Friday, December 17, 2010
Connecting with our Brook Forest Friends Using Edmodo!
Sunday, December 12, 2010
The Edublog Awards Meets the Geek Tribe!
Yesterday, the Edublogs folks announced the short list for the seventh annual Edublogs Awards. As I examined the list, I began to realize how far we’ve come as a tribe. It probably started just over a year ago when we first got together as a group to prepare for AASL Charlotte.
This morning Gwyneth and Shannon and I Skyped about our upcoming Educon2.3 session, but the conversation kept returning to the presence teacher librarians have developed in the larger edtechosphere.
Awards are really nice. Personal recognition is really nice. But you can’t help but notice that it has been a year of serious accomplishment and dramatic school library creep across the board. My hope (always) is that a rising tide lifts all boats.
So explore ALL the wonderful contributors who made a difference and were nominated for an Edublogs Award. But also take a good long celebratory look at this Google Doc and see what a difference our own Geek Tribe has made. And then vote for your favorites!
The three of us starred all the library/librarian-connected projects we recognized. Please add stars to any we may have missed. (23 blogs in the official category of best librarian/ library blogs were nominated this time around!)

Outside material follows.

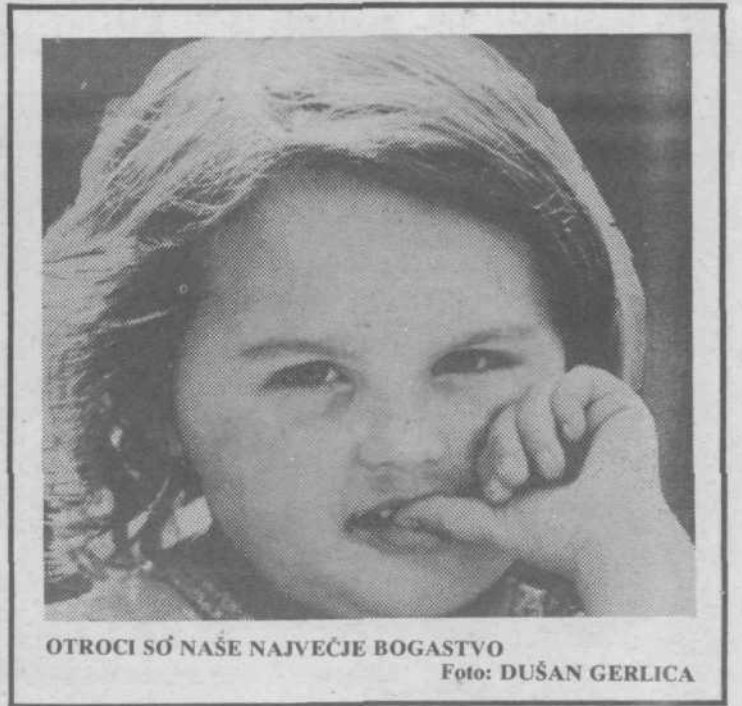
OTROCI SO NAŠE NAJVEČJE BOGASTVO

Congratulations all. Great work, tribe!
And as Gwyneth says, let’s embrace & welcome our new voices and recruit new Geek Tribe members! And no matter who wins the Edublog awards — really, we all win!
We are stronger when we share!
~ Gwyneth – Joyce – Shannon -
Wednesday, November 24, 2010
Celebrating Ivy + Bean Day with Brook Forest Elementary
Friday, October 8, 2010
The Power of the FIRST Connection With Merton Community School!

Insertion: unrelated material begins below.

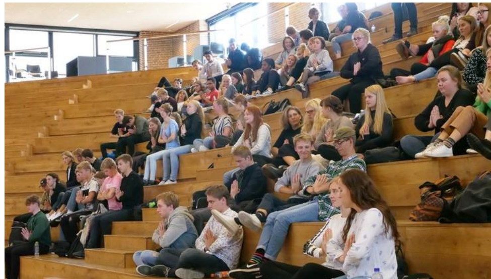
Religionsmøde på Ikast-Brande Gymnasium

On Monday morning before school, 2 kindergarten teachers, 2 second grade teachers, 2 third grade teachers, the Merton technology teacher, the Van Meter Elementary principal, and the Van Meter teacher librarian sat down to talk about how they could start connecting their two schools and the different classrooms. The meeting was so exciting and everyone enjoyed the conversation of how the two schools could connect, learn, and create with one another. The unique piece of the meeting is that we were over 300 miles apart in two different towns.

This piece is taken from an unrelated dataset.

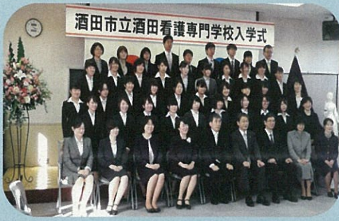
平成27年4月 6回生入学式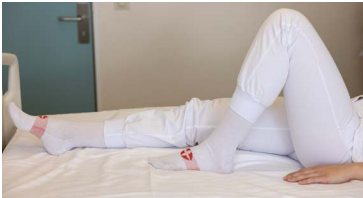
Draga hæla til skiptis í átt að rassi

On this day, Van Meter Community School in Van Meter, Iowa and Merton Community School in Merton, Wisconsin were collaborating through Skype and taking their students' learning outside of the school walls. Lisa Morowski, Merton's technology teacher, and myself, the district teacher librarian, connected on Twitter a few weeks ago and soon after started planning our first activity to kick off this new partnership. We shared the idea with the teachers, collaborated on times that would work, and set our plans into motion. What an exciting week this would be!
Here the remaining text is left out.